The power of hockey: Desjardins employees and Agents share their stories

April 28, 2022

For many Canadians, hockey is an essential part of our nation’s cultural fabric. It’s not just a sport that we watch on TV. Many get up early to practice, train and dedicate countless hours to a sport that teaches teamwork, fair play, integrity and so much more. Hockey is a part of our communities and it’s one of the main reasons why Desjardins became a co-sponsor of Rogers Hometown Hockey in 2021 External link. This link will open in a new window., an initiative that celebrates hockey by hosting festivals in over 130 local communities from coast to coast across Canada.

As the NHL gets ready for the playoffs, Desjardins is celebrating its ties to hockey and the sport’s ability to bring local communities together.  

It takes a village

Billy Boucher, CEO of Desjardins Ontario Credit Union, is one of many hockey fans within the organization. Starting as a player himself, he has now passed the torch to his two sons. 

“Hockey is so much more than a sport; it teaches young kids teamwork and camaraderie. It brings a great opportunity as well to form friendships and bonds that last a lifetime,” he says. 

For Billy, this teamwork doesn’t stop once they leave the arena. An important element for his sons’ teams, like many local sport groups, is rallying together to give back to their community. To them, that includes helping others less fortunate by conducting fundraisers with The Gift of Giving Back in Burlington, which has collected nearly 4 million lbs of food over the past 15 years.

He recognizes the commitment to the sport not only comes from the players, but the parents and families as well. “Between practices, games and weekend tournaments you create strong bonds with the families on the team and you all rely on each other to support your children and their busy schedules.”

Billy Boucher at Rogers Hometown Hockey event in Grimsby awarding the Desjardins Community Cup donation of $3,000 to the Grimsby Benevolent Fund.

Shaping youth

The impact hockey has on youth is immeasurable. Todd Lalonde credits it for teaching him confidence growing up and creating long-lasting friendships, “Hockey helped me succeed in high school, college and with my 33-year, and counting, career as a Desjardins agent.”

When Todd was playing, he was very fortunate to have a lot of volunteers and sponsors. While playing for Junior Hockey Teams a knee injury ended his skating career.

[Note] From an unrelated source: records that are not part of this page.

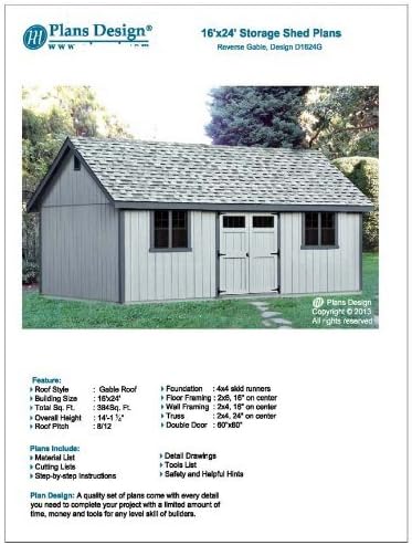 Utility Shed Building Plans Blueprints Do It Yourself Diy 16 X 24
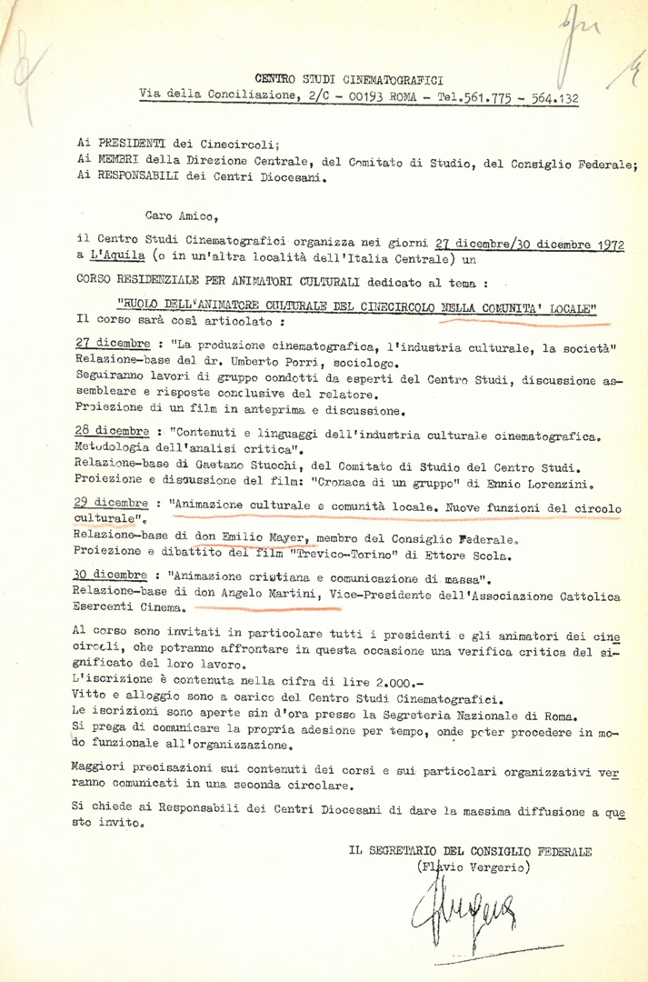 Flavio Vergerio comunica l'organizzazione di un corso per animatori culturali dedicato al tema "Ruolo dell'animatore culturale del cinecircolo nella comunità locale". Dattiloscritto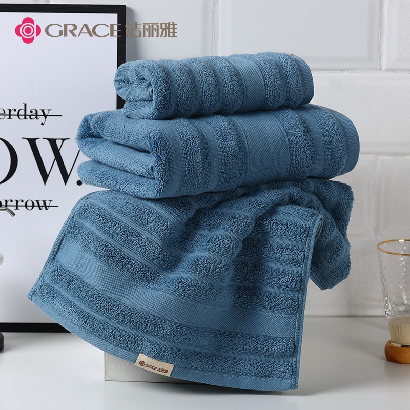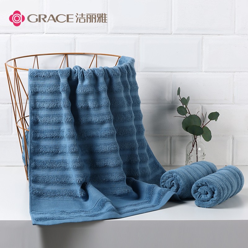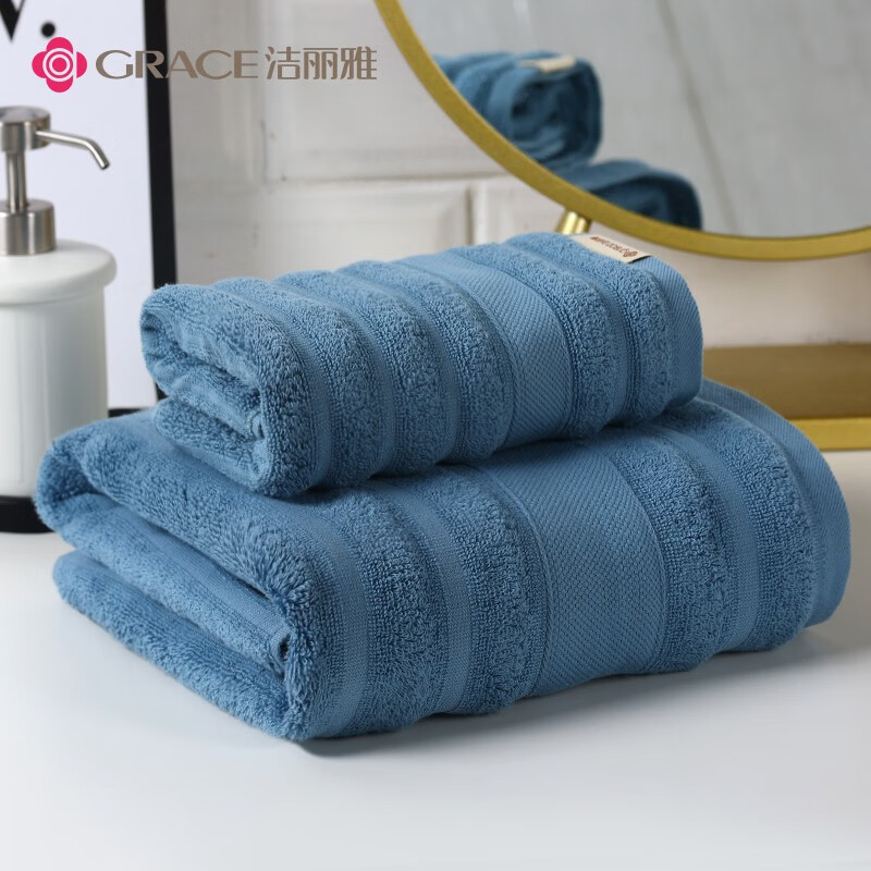 洁丽雅 Grace纯棉男女冬季吸水速干成人家用全棉毛巾大裹巾两件套 1浴巾+1毛巾 (颜色随机)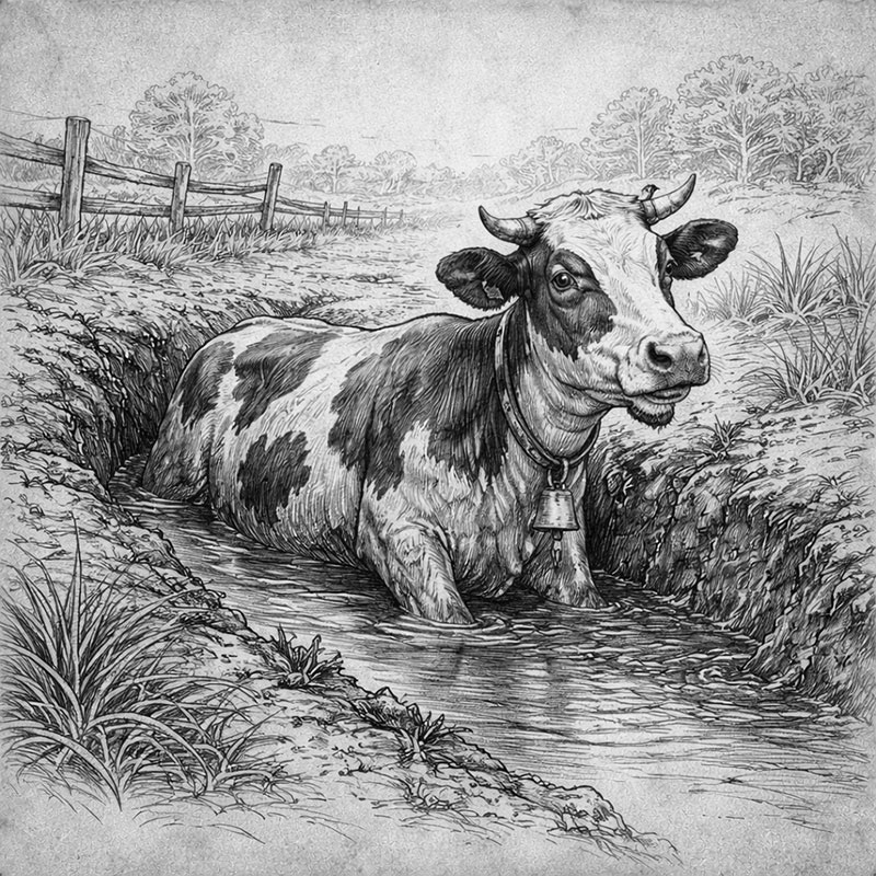 “Oma lehmä ojassa”ei paljasta mielipidettä.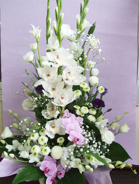 アクセントにピンク胡蝶蘭、カスミソウをプラスしたアレンジです。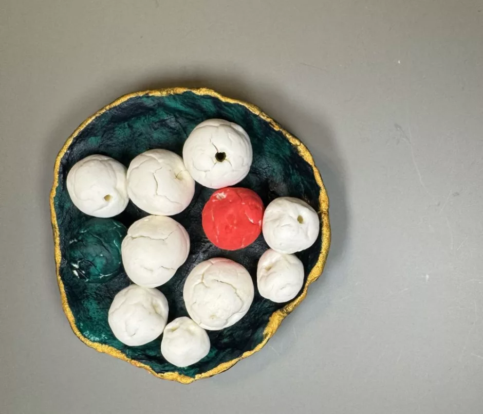 First up: drying normally on the counter. These dried in a day and they cracked dramatically. Here I painted one with regular acrylic paint to show what a “finished” bead might look like.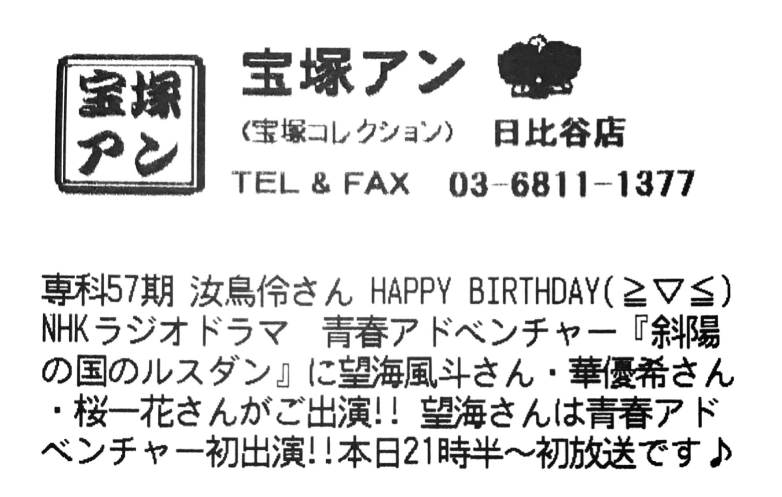 【宝塚アン】日比谷店より

However, the motivation and determination he learned from the game encouraged him to pursue it in other ways.  

Now, he’s paying it back and sponsors a number of local organizations including the Junior Midland Flyers team, Guys Who Care Group, and has been involved in the Desjardins Cares and Shares program for more than five years.

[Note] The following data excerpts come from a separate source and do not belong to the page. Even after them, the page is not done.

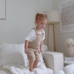 Organic Cotton Muslin Baby Short Dungarees – Beige
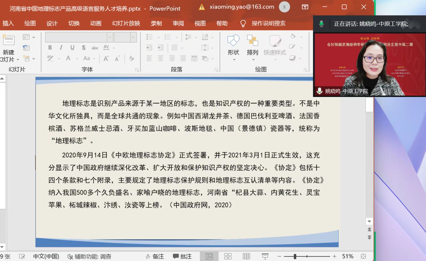 在下午的分论坛讨论环节,今年会官方网站院长姚晓鸣教授做了题为“河南中国地理标志产品高级语言服务人才培养”的主旨发言,分享了中原工学院在“黄河文化翻译与传播”方面所做的最新研究成果。姚晓鸣教授指出,地理标志产品不仅是物质文化的传承和传播,也是历史文化和精神文化的传承和传播,研究中国地理标志产品的海外推广和中国地理标志产品的高级语言服务人才培养,对促进河南文化传播、探索校企高级语言服务人才培养路径具有重要理论与实践意义。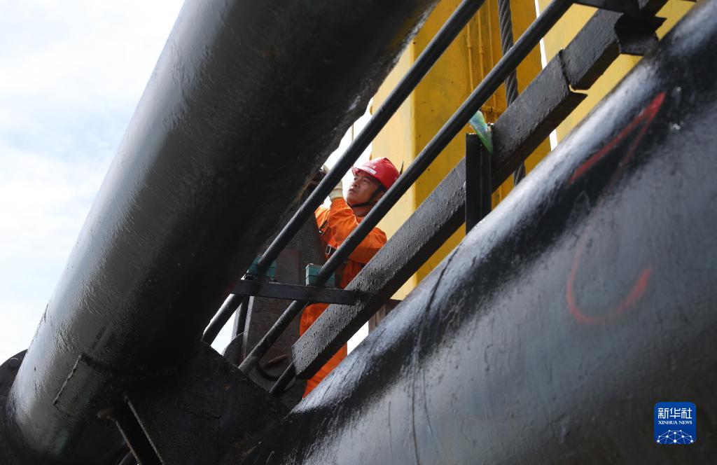 7月26日,一名水手在对完成起耙的“新海凤”轮右舷耙吸管进行例行安全检查。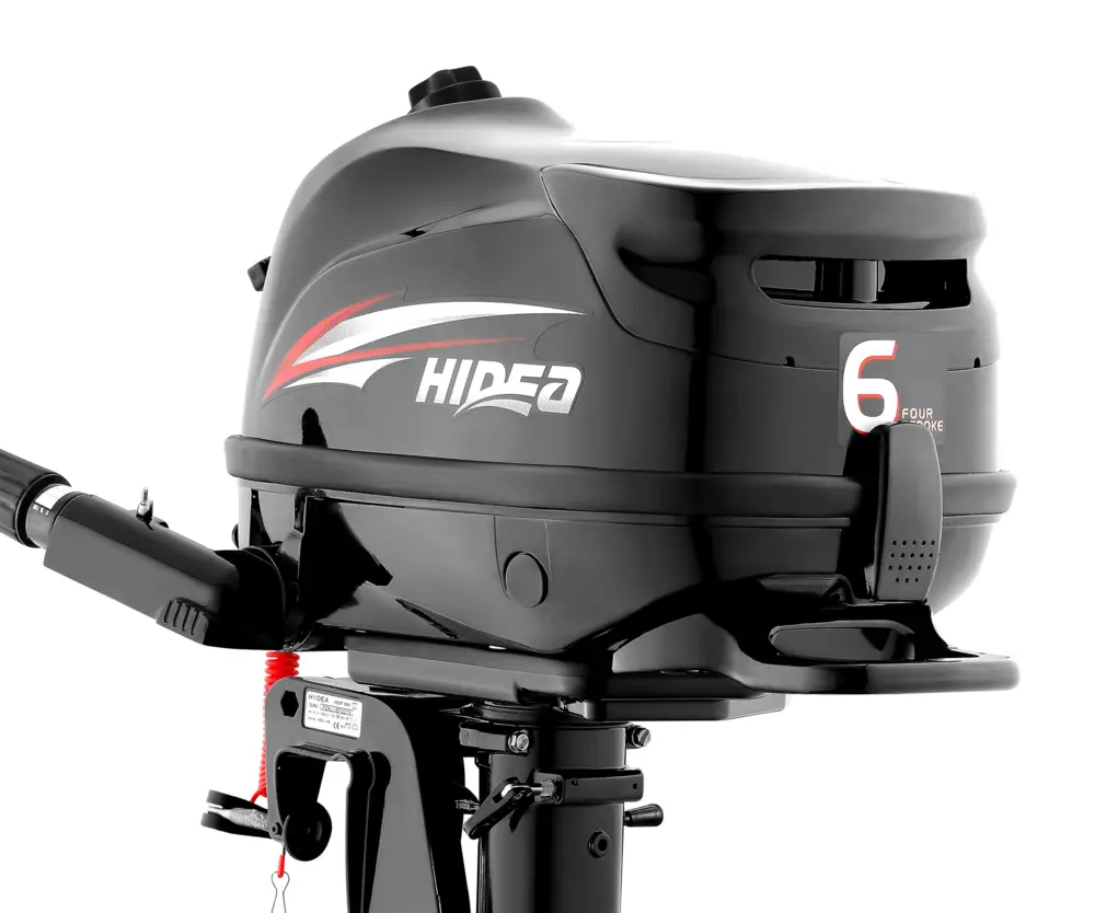 Hidea 6 HK vandkølet påhængsmotor i superletvægt - vejer kun 27 kg (28 Kg for langt ben) og er dermed blandt markedets letteste motorer, specielt egnet til små gummibåde og joller.

Hockey sparked his interest for many other sports as well, he went on to coach Special Olympics teams for 10 years, a special highlight being selected as the Ontario track and field coach for the 1986 National Special Olympic Games in Calgary.

Bringing families together 

Desjardins agent, Stephen Ostapchuk, learned how to skate when he was 10 and still plays now in a pickup league. For Stephen, hockey was a bonding experience for him and his son. 

“It was really a dream come true for me when I got the opportunity to coach and sponsor my son’s hockey team, and eventually play with him in a father-son league when he got older. It was a great bonding experience, it really brought us together,” said Stephen.

As someone who would rather be on the bench then in the stands, he coached for over 10 years. And his eagerness to give back extended off the ice as well; for over 37 years he’s been a supporter for Yonge Street Mission to provide underprivileged people with essentials. 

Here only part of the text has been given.